Problem description.
Starting from the line that contains "Décoration triangulaire, en", output every remaining line of the records below exactly as it appears, that line and the last one included.

Records for the task.
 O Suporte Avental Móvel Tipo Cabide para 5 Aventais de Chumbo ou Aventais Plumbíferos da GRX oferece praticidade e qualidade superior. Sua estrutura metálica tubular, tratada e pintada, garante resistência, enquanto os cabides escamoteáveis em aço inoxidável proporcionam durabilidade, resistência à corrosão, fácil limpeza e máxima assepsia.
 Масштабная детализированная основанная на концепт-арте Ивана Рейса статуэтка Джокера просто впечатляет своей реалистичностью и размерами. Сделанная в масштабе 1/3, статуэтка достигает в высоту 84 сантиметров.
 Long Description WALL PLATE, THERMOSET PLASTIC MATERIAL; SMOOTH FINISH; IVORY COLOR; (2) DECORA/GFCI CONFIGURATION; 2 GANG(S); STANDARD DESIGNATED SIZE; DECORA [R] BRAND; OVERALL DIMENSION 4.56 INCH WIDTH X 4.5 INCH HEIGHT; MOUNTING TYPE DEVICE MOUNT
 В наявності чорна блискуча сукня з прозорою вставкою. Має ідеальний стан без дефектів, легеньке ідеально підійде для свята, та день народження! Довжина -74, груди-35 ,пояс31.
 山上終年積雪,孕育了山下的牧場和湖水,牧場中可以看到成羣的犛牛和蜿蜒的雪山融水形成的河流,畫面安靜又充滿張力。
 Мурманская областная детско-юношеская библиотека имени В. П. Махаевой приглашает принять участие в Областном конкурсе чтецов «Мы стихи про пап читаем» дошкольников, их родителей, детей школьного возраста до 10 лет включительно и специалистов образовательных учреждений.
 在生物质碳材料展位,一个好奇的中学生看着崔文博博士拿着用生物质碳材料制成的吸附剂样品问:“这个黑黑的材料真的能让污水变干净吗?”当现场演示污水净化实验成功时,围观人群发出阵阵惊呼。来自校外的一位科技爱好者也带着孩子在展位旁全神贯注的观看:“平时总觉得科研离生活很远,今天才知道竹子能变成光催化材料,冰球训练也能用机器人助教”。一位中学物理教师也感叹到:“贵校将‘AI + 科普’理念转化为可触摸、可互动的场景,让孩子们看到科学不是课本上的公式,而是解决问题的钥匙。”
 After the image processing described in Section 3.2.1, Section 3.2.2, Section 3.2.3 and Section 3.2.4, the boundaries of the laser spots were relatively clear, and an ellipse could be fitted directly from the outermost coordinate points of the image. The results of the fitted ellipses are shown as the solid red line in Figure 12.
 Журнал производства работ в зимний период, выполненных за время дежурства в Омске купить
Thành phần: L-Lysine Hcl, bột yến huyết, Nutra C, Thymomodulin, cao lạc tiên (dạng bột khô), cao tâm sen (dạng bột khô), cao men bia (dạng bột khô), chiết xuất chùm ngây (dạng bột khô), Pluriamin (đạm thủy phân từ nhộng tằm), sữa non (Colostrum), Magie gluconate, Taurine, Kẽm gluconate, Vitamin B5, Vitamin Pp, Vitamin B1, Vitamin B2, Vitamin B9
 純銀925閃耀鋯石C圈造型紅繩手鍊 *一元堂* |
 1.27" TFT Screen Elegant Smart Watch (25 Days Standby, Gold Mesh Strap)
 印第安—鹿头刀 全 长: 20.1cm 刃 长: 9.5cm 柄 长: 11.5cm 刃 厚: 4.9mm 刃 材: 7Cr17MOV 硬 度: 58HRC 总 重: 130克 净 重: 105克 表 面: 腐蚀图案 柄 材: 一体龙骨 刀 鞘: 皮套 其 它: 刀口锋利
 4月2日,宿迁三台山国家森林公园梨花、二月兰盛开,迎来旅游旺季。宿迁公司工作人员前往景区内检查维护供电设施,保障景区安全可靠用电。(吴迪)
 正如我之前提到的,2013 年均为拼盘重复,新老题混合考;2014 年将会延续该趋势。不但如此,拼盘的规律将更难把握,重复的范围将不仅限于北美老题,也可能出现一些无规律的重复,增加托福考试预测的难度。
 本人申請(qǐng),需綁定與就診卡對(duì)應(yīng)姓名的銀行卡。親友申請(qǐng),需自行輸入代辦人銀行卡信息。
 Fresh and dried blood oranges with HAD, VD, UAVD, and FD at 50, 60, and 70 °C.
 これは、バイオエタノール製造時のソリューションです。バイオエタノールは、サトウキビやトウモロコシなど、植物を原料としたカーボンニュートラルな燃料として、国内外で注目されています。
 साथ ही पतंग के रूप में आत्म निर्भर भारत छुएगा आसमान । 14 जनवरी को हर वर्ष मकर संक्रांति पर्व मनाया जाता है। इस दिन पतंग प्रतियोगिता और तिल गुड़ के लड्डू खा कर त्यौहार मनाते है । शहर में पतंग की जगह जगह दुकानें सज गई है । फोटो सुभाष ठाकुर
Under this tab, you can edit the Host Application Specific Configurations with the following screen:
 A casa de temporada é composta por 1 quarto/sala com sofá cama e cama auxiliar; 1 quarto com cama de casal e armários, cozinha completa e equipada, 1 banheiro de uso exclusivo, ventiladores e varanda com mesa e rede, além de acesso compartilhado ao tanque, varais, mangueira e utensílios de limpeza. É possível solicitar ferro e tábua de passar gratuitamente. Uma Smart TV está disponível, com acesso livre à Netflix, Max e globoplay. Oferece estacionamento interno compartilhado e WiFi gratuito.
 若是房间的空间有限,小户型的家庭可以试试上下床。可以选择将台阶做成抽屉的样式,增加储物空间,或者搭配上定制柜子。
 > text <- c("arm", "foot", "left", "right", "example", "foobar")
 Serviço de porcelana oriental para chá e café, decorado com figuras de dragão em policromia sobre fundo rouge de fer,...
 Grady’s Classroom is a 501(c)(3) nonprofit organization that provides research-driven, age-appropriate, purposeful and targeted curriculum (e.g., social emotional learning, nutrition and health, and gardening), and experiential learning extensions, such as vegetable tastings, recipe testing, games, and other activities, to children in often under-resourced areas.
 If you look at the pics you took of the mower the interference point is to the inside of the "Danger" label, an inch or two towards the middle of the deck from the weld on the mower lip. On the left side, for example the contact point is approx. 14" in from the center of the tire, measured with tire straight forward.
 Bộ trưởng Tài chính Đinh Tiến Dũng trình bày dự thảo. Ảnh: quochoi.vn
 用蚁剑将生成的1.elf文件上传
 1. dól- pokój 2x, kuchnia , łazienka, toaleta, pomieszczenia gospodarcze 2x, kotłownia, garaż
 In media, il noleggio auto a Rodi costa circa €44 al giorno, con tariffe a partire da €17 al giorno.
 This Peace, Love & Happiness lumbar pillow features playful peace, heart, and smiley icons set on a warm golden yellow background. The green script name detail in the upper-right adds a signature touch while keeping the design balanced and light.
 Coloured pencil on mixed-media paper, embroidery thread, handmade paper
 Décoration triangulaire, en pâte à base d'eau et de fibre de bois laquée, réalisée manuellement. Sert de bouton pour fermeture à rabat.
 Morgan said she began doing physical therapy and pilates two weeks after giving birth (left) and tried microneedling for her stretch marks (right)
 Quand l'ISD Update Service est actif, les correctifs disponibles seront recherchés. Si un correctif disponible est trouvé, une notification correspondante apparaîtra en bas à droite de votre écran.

Exercise result.
 Décoration triangulaire, en pâte à base d'eau et de fibre de bois laquée, réalisée manuellement. Sert de bouton pour fermeture à rabat.
 Morgan said she began doing physical therapy and pilates two weeks after giving birth (left) and tried microneedling for her stretch marks (right)
 Quand l'ISD Update Service est actif, les correctifs disponibles seront recherchés. Si un correctif disponible est trouvé, une notification correspondante apparaîtra en bas à droite de votre écran.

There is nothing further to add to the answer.